Images are to be dropped; everything else in the entries below must be copied exactly.

************

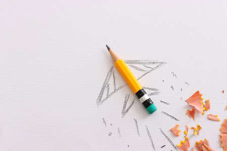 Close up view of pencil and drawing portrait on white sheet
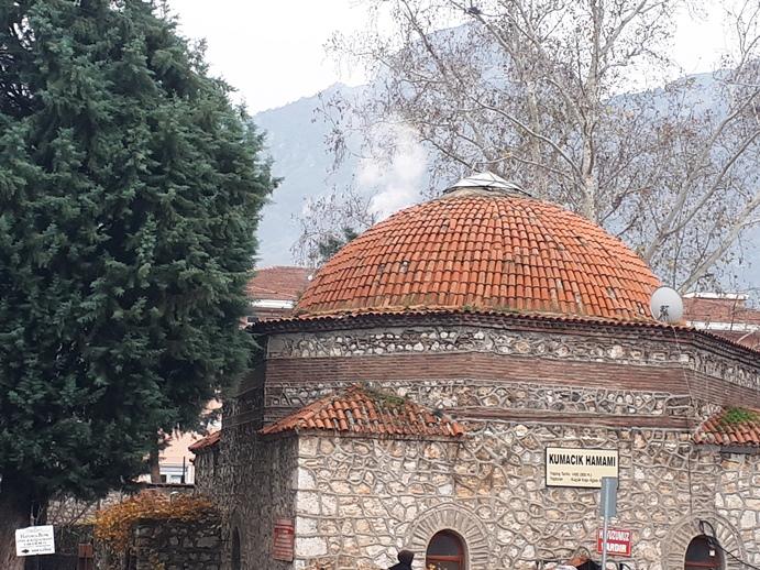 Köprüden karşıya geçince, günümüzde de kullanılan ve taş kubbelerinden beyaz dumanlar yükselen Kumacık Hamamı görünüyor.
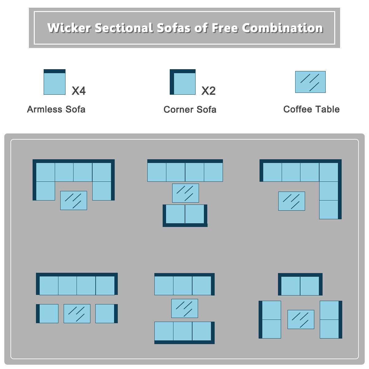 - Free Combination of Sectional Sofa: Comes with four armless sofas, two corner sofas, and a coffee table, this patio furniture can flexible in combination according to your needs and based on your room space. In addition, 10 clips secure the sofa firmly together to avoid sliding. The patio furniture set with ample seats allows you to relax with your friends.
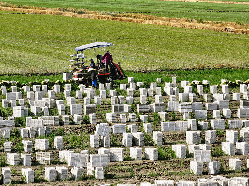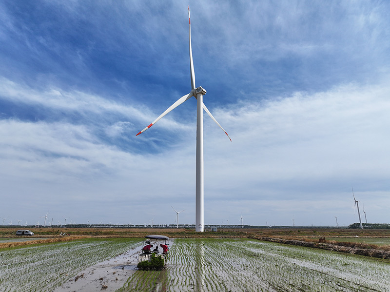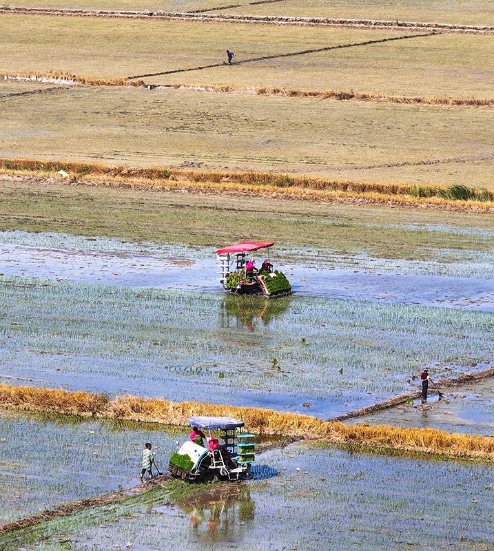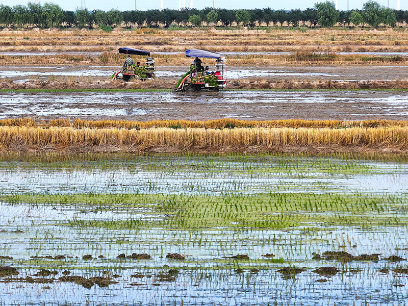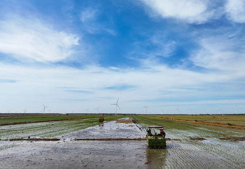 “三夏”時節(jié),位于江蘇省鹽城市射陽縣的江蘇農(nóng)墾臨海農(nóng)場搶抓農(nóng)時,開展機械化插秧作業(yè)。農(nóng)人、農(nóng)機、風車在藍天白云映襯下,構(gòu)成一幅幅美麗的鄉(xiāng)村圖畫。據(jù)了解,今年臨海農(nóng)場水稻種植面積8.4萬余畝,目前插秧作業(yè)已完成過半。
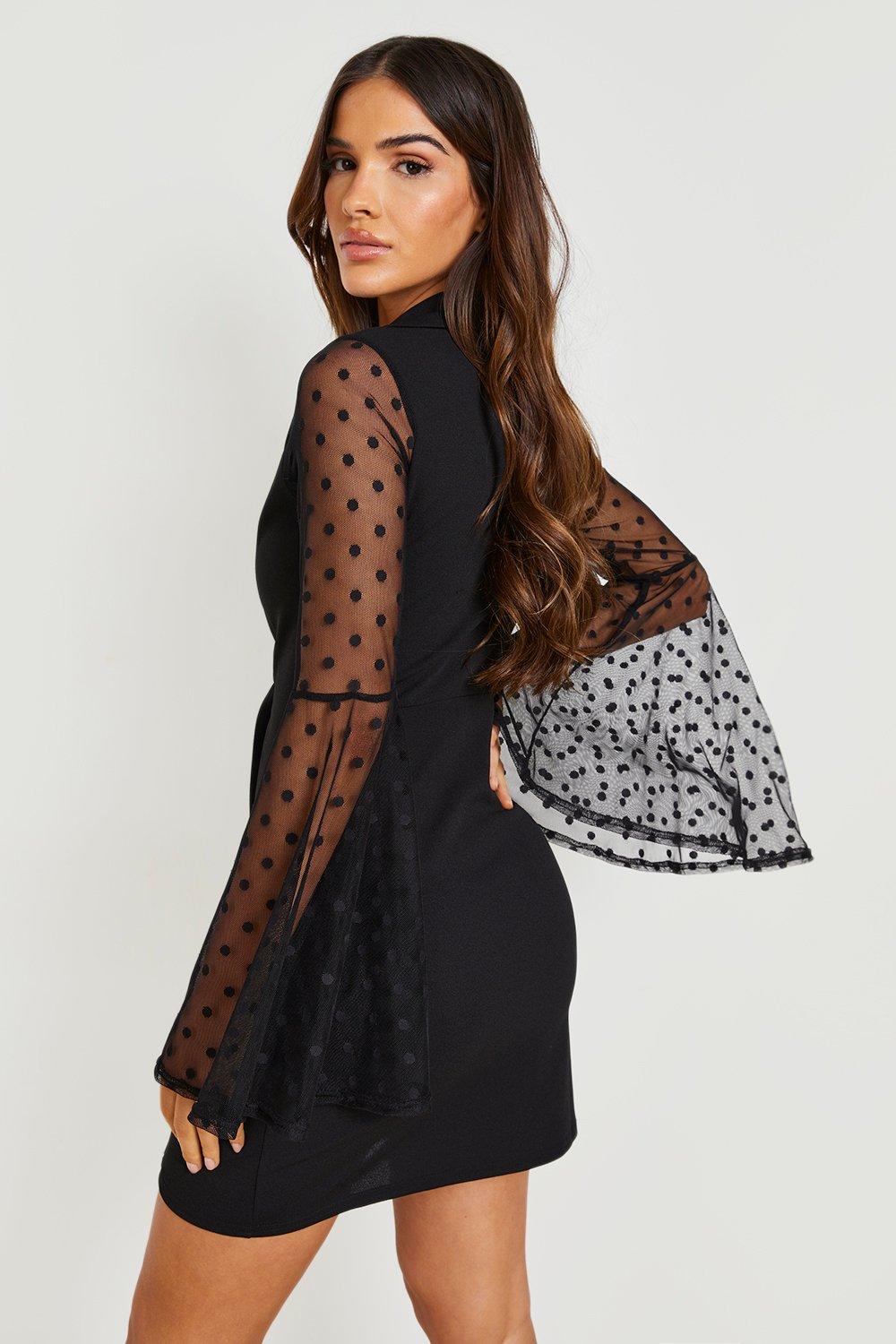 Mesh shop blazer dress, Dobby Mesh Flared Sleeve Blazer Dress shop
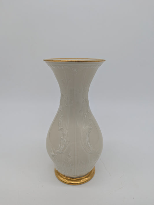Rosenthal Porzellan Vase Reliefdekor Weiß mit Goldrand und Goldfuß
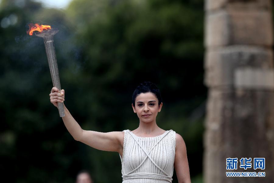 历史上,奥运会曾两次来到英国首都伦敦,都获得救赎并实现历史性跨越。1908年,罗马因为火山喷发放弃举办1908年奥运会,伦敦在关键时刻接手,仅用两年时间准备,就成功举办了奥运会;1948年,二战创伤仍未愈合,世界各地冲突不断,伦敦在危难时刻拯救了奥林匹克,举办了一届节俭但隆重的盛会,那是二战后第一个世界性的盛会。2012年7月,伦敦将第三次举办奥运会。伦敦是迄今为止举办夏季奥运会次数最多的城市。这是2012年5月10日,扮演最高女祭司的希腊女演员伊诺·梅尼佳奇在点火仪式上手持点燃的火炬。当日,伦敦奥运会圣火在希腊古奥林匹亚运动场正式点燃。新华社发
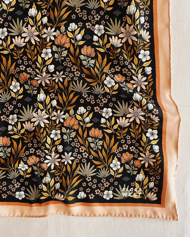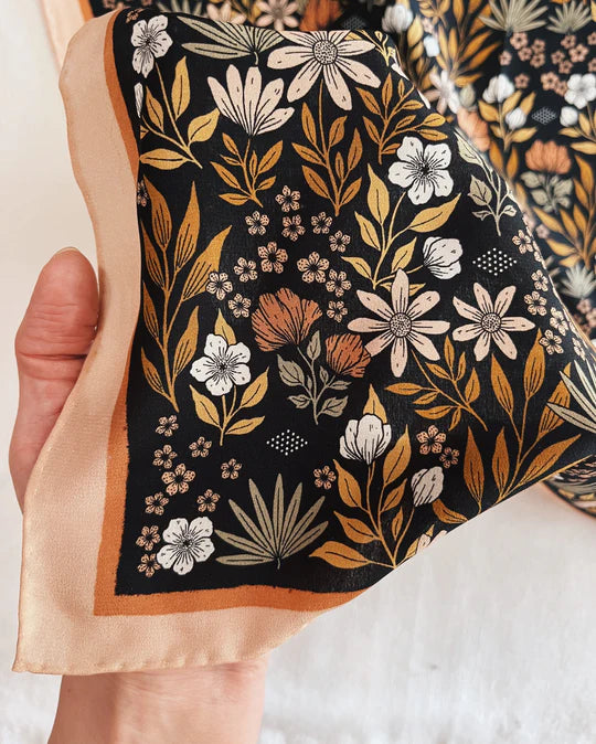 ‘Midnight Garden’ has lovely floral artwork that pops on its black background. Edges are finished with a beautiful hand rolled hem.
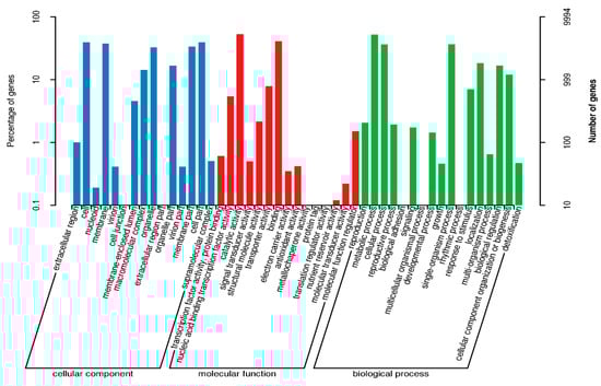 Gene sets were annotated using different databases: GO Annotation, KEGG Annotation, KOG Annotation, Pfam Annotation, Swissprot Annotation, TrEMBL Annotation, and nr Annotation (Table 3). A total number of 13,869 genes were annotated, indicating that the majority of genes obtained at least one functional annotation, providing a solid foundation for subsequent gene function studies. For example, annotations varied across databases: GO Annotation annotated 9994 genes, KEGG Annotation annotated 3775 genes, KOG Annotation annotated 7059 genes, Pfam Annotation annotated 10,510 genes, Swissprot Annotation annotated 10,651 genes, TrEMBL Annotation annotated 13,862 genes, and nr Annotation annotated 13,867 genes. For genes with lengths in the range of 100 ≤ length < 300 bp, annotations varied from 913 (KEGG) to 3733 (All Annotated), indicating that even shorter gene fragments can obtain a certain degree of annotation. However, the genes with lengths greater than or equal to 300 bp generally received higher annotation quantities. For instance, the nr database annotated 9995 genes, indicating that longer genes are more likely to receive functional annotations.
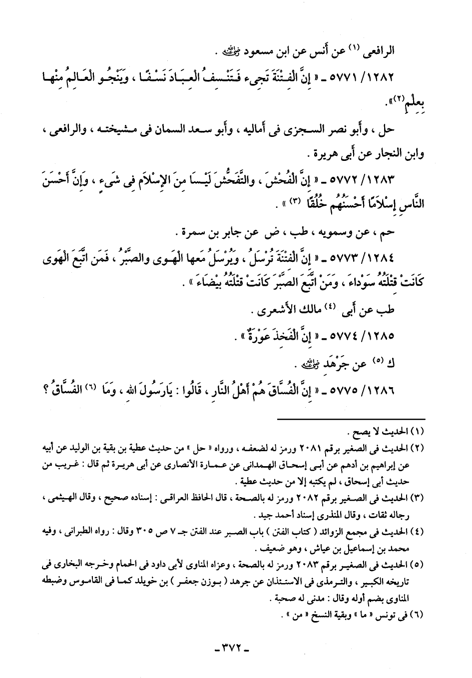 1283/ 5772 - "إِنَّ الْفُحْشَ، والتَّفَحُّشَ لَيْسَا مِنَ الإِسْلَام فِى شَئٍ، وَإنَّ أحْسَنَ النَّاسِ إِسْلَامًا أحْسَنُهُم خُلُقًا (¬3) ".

************

Solution to the exercise:
 Close up view of pencil and drawing portrait on white sheet
 Köprüden karşıya geçince, günümüzde de kullanılan ve taş kubbelerinden beyaz dumanlar yükselen Kumacık Hamamı görünüyor.
 - Free Combination of Sectional Sofa: Comes with four armless sofas, two corner sofas, and a coffee table, this patio furniture can flexible in combination according to your needs and based on your room space. In addition, 10 clips secure the sofa firmly together to avoid sliding. The patio furniture set with ample seats allows you to relax with your friends.
 “三夏”時節(jié),位于江蘇省鹽城市射陽縣的江蘇農(nóng)墾臨海農(nóng)場搶抓農(nóng)時,開展機械化插秧作業(yè)。農(nóng)人、農(nóng)機、風車在藍天白云映襯下,構(gòu)成一幅幅美麗的鄉(xiāng)村圖畫。據(jù)了解,今年臨海農(nóng)場水稻種植面積8.4萬余畝,目前插秧作業(yè)已完成過半。
 Mesh shop blazer dress, Dobby Mesh Flared Sleeve Blazer Dress shop
Rosenthal Porzellan Vase Reliefdekor Weiß mit Goldrand und Goldfuß
 历史上,奥运会曾两次来到英国首都伦敦,都获得救赎并实现历史性跨越。1908年,罗马因为火山喷发放弃举办1908年奥运会,伦敦在关键时刻接手,仅用两年时间准备,就成功举办了奥运会;1948年,二战创伤仍未愈合,世界各地冲突不断,伦敦在危难时刻拯救了奥林匹克,举办了一届节俭但隆重的盛会,那是二战后第一个世界性的盛会。2012年7月,伦敦将第三次举办奥运会。伦敦是迄今为止举办夏季奥运会次数最多的城市。这是2012年5月10日,扮演最高女祭司的希腊女演员伊诺·梅尼佳奇在点火仪式上手持点燃的火炬。当日,伦敦奥运会圣火在希腊古奥林匹亚运动场正式点燃。新华社发
 ‘Midnight Garden’ has lovely floral artwork that pops on its black background. Edges are finished with a beautiful hand rolled hem.
 Gene sets were annotated using different databases: GO Annotation, KEGG Annotation, KOG Annotation, Pfam Annotation, Swissprot Annotation, TrEMBL Annotation, and nr Annotation (Table 3). A total number of 13,869 genes were annotated, indicating that the majority of genes obtained at least one functional annotation, providing a solid foundation for subsequent gene function studies. For example, annotations varied across databases: GO Annotation annotated 9994 genes, KEGG Annotation annotated 3775 genes, KOG Annotation annotated 7059 genes, Pfam Annotation annotated 10,510 genes, Swissprot Annotation annotated 10,651 genes, TrEMBL Annotation annotated 13,862 genes, and nr Annotation annotated 13,867 genes. For genes with lengths in the range of 100 ≤ length < 300 bp, annotations varied from 913 (KEGG) to 3733 (All Annotated), indicating that even shorter gene fragments can obtain a certain degree of annotation. However, the genes with lengths greater than or equal to 300 bp generally received higher annotation quantities. For instance, the nr database annotated 9995 genes, indicating that longer genes are more likely to receive functional annotations.
 1283/ 5772 - "إِنَّ الْفُحْشَ، والتَّفَحُّشَ لَيْسَا مِنَ الإِسْلَام فِى شَئٍ، وَإنَّ أحْسَنَ النَّاسِ إِسْلَامًا أحْسَنُهُم خُلُقًا (¬3) ".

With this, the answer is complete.